* [WORK TASK] Repeat the data exactly. Pictures are not part of the copy.

* [AVAILABLE RECORDS]

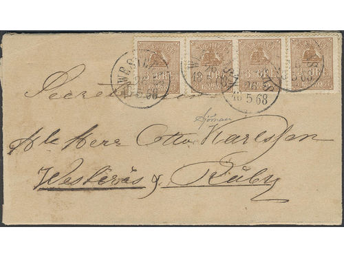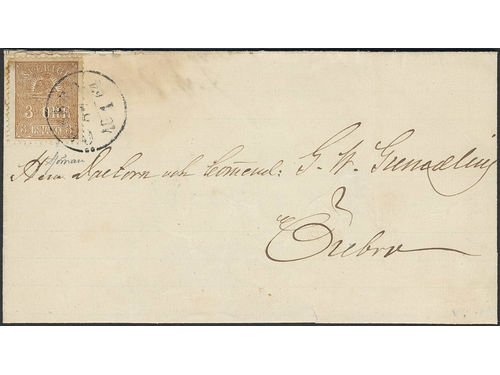Sweden. Facit 14A on cover, 3 öre brown, type I. Local cover cancelled ÖREBRO 27.1.1864. Certificate Sjöman Very fine (1969). SEK 6000 Sweden. Facit 14A on cover, 3 öre brown, type I. Local cover cancelled ÖREBRO 27.1.1864. Certificate Sjöman Very fine (1969). SEK 6000 Visa mindre
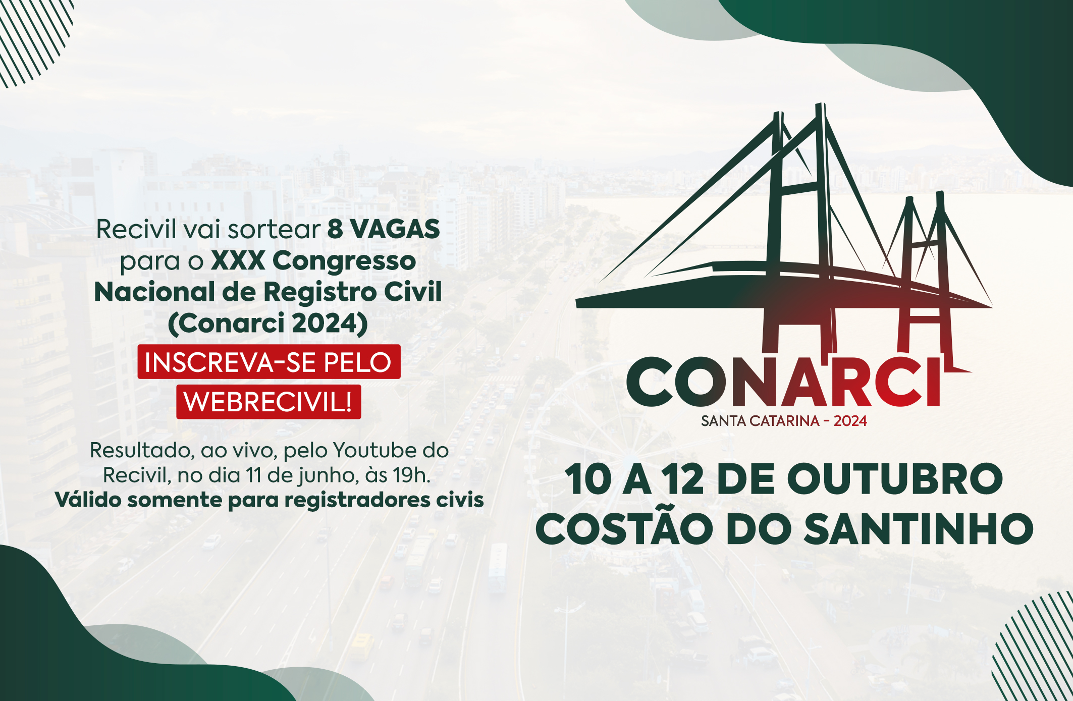 Uma boa notícia para os oficiais de Registro Civil das Pessoas Naturais de Minas Gerais! Esse ano, oito registradores serão os convidados do Recivil para o XXX Congresso Nacional de Registro Civil (Conarci 2024), que será realizado no Costão do Santinho Resort, em Santa Catarina, de 10 a 12 de outubro, com direito a inscrição no evento, passagem e hospedagem gratuitos*.
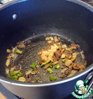 Добавить имбирь и зелёный перец чили. Перемешать и жарить 2 минуты.
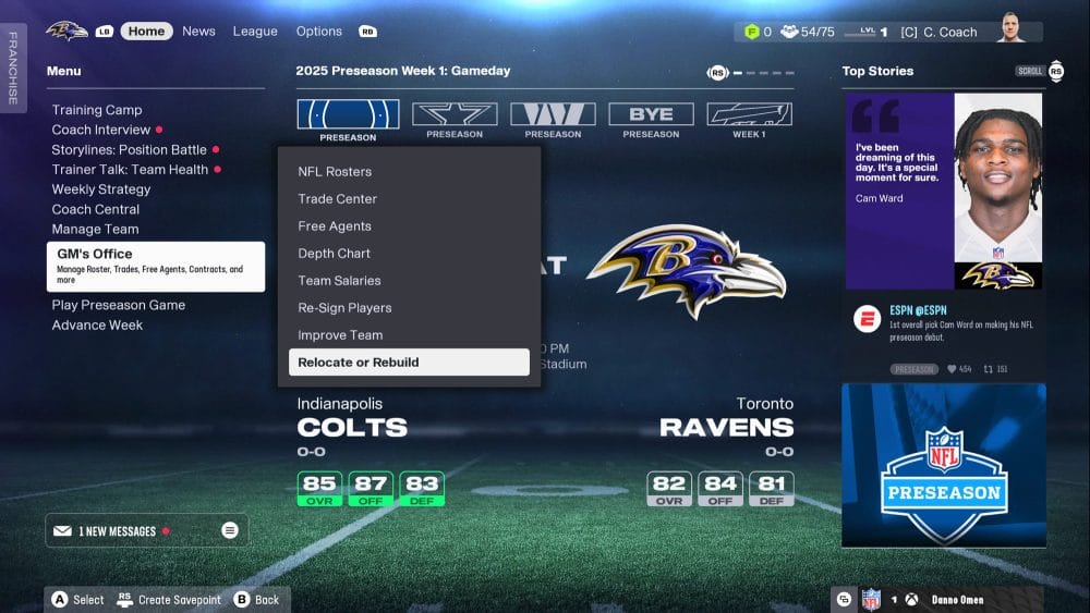 Start up a franchise mode and select any settings and team you would like. Once you get to the main franchise mode page head to the GM Office. From here you will see an option to relocate or rebuild. Select relocate.
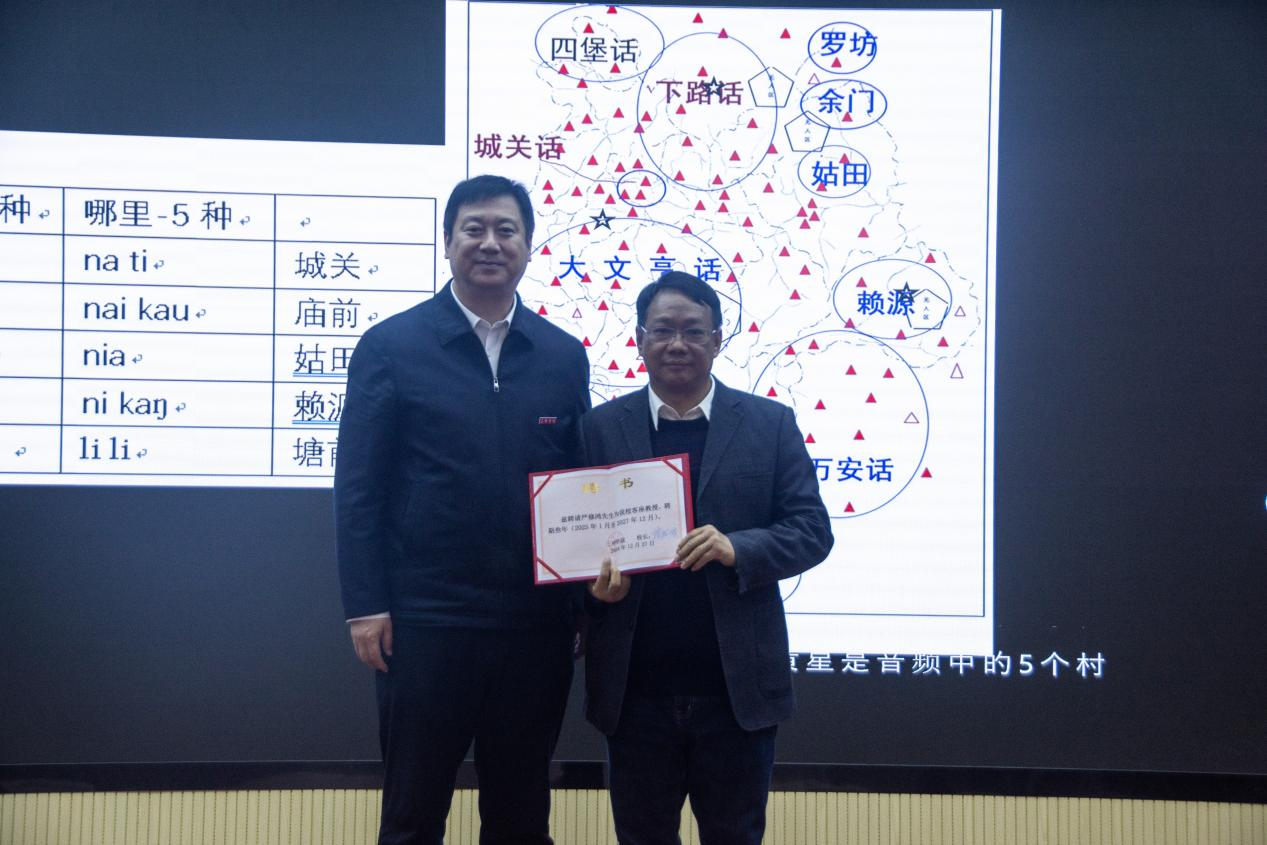 讲座结束后,吴龙副校长为严修鸿教授颁发客座教授聘书。
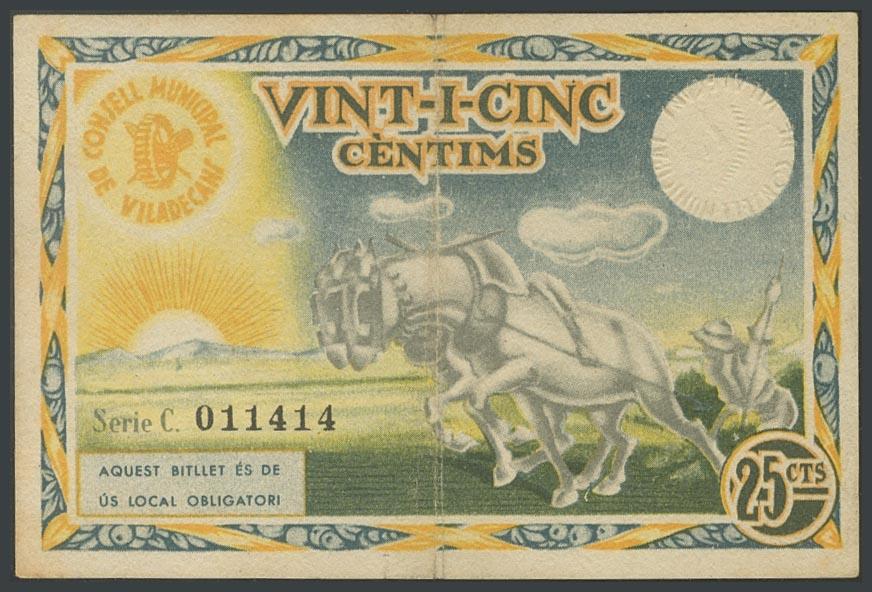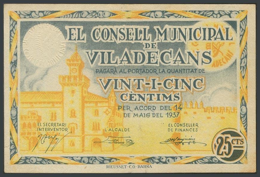 VILADECANS (BARCELONA). 25 Céntimos. 14 de Mayo de 1937. Serie C. (González: 10686). MBC+.
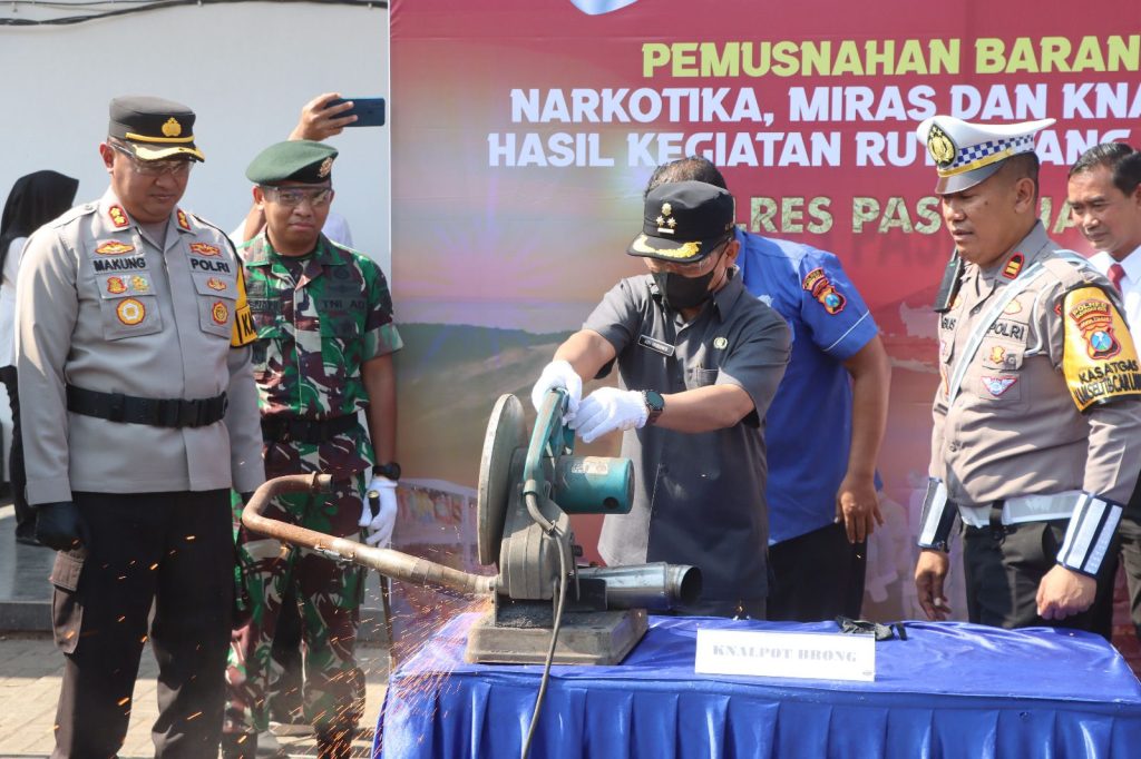 “Usai apel, dilaksanakan juga pemusnahan barang bukti narkotika, minuman keras (miras), serta knalpot brong yang berhasil diamankan dalam operasi sebelumnya. Pemusnahan barang bukti ini dilakukan sebagai langkah konkret dalam memberantas peredaran narkotika dan merespons keluhan masyarakat terkait ketertiban di lingkungan sekitar.” Ucap Kapolres Pasuruan Kota.
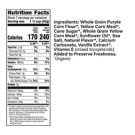 VANILLA CEREAL: Made with organic whole grain puffs lightly sweetened with natural berry flavor
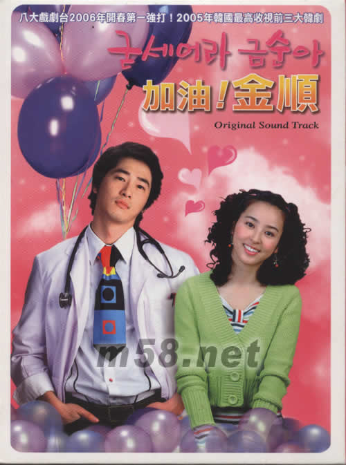 榮登2005年韓國最高收視排行前三大韓劇,并掀起全韓一陣[金順效應(yīng)]潮流的MBC韓劇--[加油!金順],以最高40.1%的高收視率而廣受到劇迷的喜愛。[加油!金順]由目前韓國影視圈最受矚目的演員韓惠珍、江志煥搭檔演出。劇情描寫個性開朗活潑,隨和又懂事的主人翁:金順(韓惠珍飾演)年幼失親,從小由奶奶撫養(yǎng)長大,但無論環(huán)境多么困難,生活中遇到多大挫折,她總是能夠以樂觀堅強的態(tài)度勇敢面對,鼓勵人們熱愛生活,在遇到困難、處處碰壁時,更該為了夢想不向命運低頭。

* [SOLUTION TO THE EXERCISE]
Sweden. Facit 14A on cover, 3 öre brown, type I. Local cover cancelled ÖREBRO 27.1.1864. Certificate Sjöman Very fine (1969). SEK 6000 Sweden. Facit 14A on cover, 3 öre brown, type I. Local cover cancelled ÖREBRO 27.1.1864. Certificate Sjöman Very fine (1969). SEK 6000 Visa mindre
 Uma boa notícia para os oficiais de Registro Civil das Pessoas Naturais de Minas Gerais! Esse ano, oito registradores serão os convidados do Recivil para o XXX Congresso Nacional de Registro Civil (Conarci 2024), que será realizado no Costão do Santinho Resort, em Santa Catarina, de 10 a 12 de outubro, com direito a inscrição no evento, passagem e hospedagem gratuitos*.
 Добавить имбирь и зелёный перец чили. Перемешать и жарить 2 минуты.
 Start up a franchise mode and select any settings and team you would like. Once you get to the main franchise mode page head to the GM Office. From here you will see an option to relocate or rebuild. Select relocate.
 讲座结束后,吴龙副校长为严修鸿教授颁发客座教授聘书。
 VILADECANS (BARCELONA). 25 Céntimos. 14 de Mayo de 1937. Serie C. (González: 10686). MBC+.
 “Usai apel, dilaksanakan juga pemusnahan barang bukti narkotika, minuman keras (miras), serta knalpot brong yang berhasil diamankan dalam operasi sebelumnya. Pemusnahan barang bukti ini dilakukan sebagai langkah konkret dalam memberantas peredaran narkotika dan merespons keluhan masyarakat terkait ketertiban di lingkungan sekitar.” Ucap Kapolres Pasuruan Kota.
 VANILLA CEREAL: Made with organic whole grain puffs lightly sweetened with natural berry flavor
 榮登2005年韓國最高收視排行前三大韓劇,并掀起全韓一陣[金順效應(yīng)]潮流的MBC韓劇--[加油!金順],以最高40.1%的高收視率而廣受到劇迷的喜愛。[加油!金順]由目前韓國影視圈最受矚目的演員韓惠珍、江志煥搭檔演出。劇情描寫個性開朗活潑,隨和又懂事的主人翁:金順(韓惠珍飾演)年幼失親,從小由奶奶撫養(yǎng)長大,但無論環(huán)境多么困難,生活中遇到多大挫折,她總是能夠以樂觀堅強的態(tài)度勇敢面對,鼓勵人們熱愛生活,在遇到困難、處處碰壁時,更該為了夢想不向命運低頭。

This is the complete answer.